In nature, the creatures that are most able to survive in their environment are the ones that live long enough to have more babies. The ones with helpful traits may survive and pass those traits (called adaptations) through genes to the next generation. This is called natural selection. And that’s how these elephants lost their tusks.

The theory of evolution claims that natural selection is the way living organisms came into being over millions of years. Some of its proponents do not believe that God created the world and its creatures.
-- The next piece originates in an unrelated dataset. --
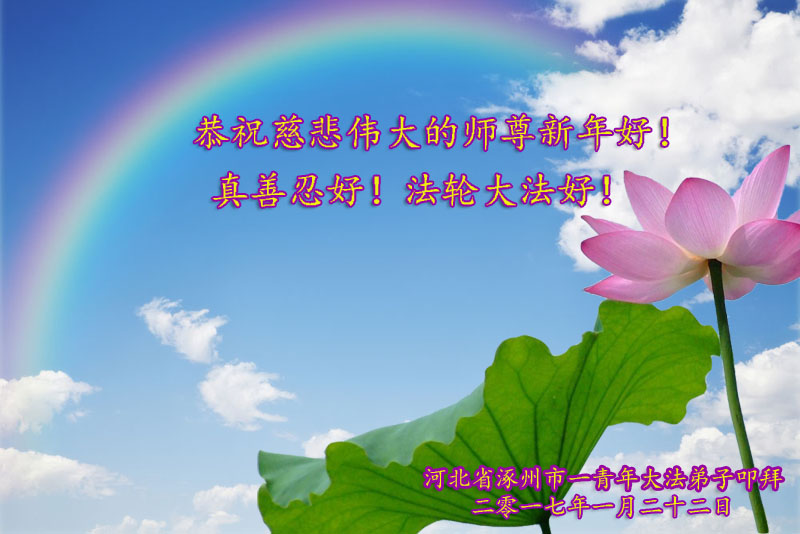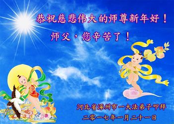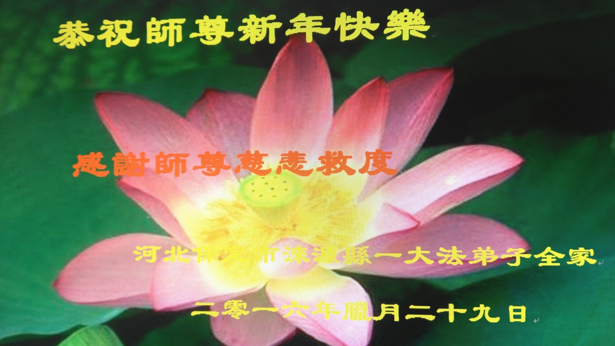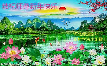 在喜迎丁酉新年之際,我們河北省保定博野縣全體大法弟子懷著無比敬仰感恩的心情給慈悲偉大的師尊拜個年!師父辛苦了!感恩師尊的慈悲苦度!感恩師尊為徒兒們巨大的付出,在此為您送上一份真誠的新年的祝願,遙祝師尊新年快樂!

But watching adaptations in nature shows just how amazing the Creator is. His creation is not static. God made His creatures adaptable.

Now scientists say it looks like the elephants without tusks are changing their diet. The tuskless pachyderms eat mostly grass. The tusked eat more legumes and tough woody plants, from which they can peel bark. What’s next for the elephants?

Why? African elephants aren’t evolving into a new species. But they are adapting to hard times and this ability shows God’s creativity and providence—His care for His creation.